言いつつも、アメリアの方も茹で上がりそうだった。

夫婦のような落ち着きはなく、これじゃあ付き合いたてのカップルだ。

妙に気まずい間に耐えかねて、アメリアは話を振る。

「そういえば私も、謝らなければいけません」

「何をだ?」

「ローガン様から初めて買って頂いたペンダントを……壊してしまいました」

アメリアがしょんぼりして言うと、ローガンは「ああ、そんなことか」と前置く。

「気にするな。ペンダントはまた買えばいい。

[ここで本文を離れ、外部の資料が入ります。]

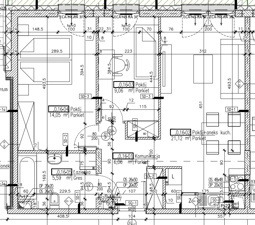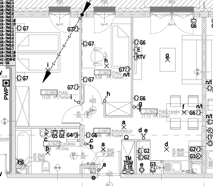 – zmiany w układzie ścianek działowych – zmiana lokalizacji drzwi – zmiany w instalacji elektrycznej – zmiany w instalacji wodno-kanalizacyjnej – zmiany w instalacji grzewczej
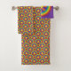 This funky towel set features a groovy graphic pattern inspired by the 1970s with overlapping discs in a rainbow of colours centred with a sun with slightly twisted rays. Edit design to change the purple background hue.

それに……」

小さく、ローガンの口角が持ち上がる。

「むしろ、あの侍女がそのペンダントを壊した事は、良い方向に転ぶかもしれない」

言葉の意図を理解する前に、ローガンがアメリアの頭に手を乗せた。

そのままわしゃわしゃ撫でられて、アメリアは頭がぽーっとなる。

そんな頭に浮かんだ問いを、ローガンに投げかける。

「また一緒に、買いに行っていただけますか?」

「ああ、何度でも」

その言葉が聞けただけで、充分だった。

いや、充分じゃない。

まだ聞きたいことがあった。

「ローガン様」

「なんだ?」

「クラウン・ブラッドのもう一つの石言葉は」

「最愛の人」

淀みない口調で、ローガンはその言葉を口にする。

その七文字の単語を理解するのに、アメリアは数秒の時を要した。

「あ……えっ……?」

頭が追いついたが、今度は気持ちがついてこない。

構わず、ローガンは続ける。

「最初は契約結婚で、ドライな関係で済まそうと思っていたが……今は違う」

澄んだブルーの瞳が、アメリアを真っ直ぐに捉える。

未だおろおろした様子のアメリアの両肩にそっと手を添えて。

「俺は、アメリアを愛している」

紡がれたその言葉は、すとんとアメリアの心に落ちてじんわりと広がっていった。

今度は、気持ちもついてきた。

その瞬間、瞳の奥にもじんわりと熱が灯った。

目尻に浮かんで、頬を伝い落ちた雫をローガンが指先で拭う。

「……涙は辛くて痛い時以外にも出る事を、初めて知りました」

涙を零しながらも笑顔を浮かべるアメリアを、ローガンはとても美しいと思った。

それから、ローガンは尋ねる。

「君は、どうなんだ?」

そんなの、決まっている。

さっき答えは出たんだから。

いや、答えは多分、ずっと前から決まってたんだ。

今まで、呼んでいいのか迷って結局口にしていなかった呼び名で。

ローガンの目をまっすぐ見つめてから、アメリアもその言葉を口にした。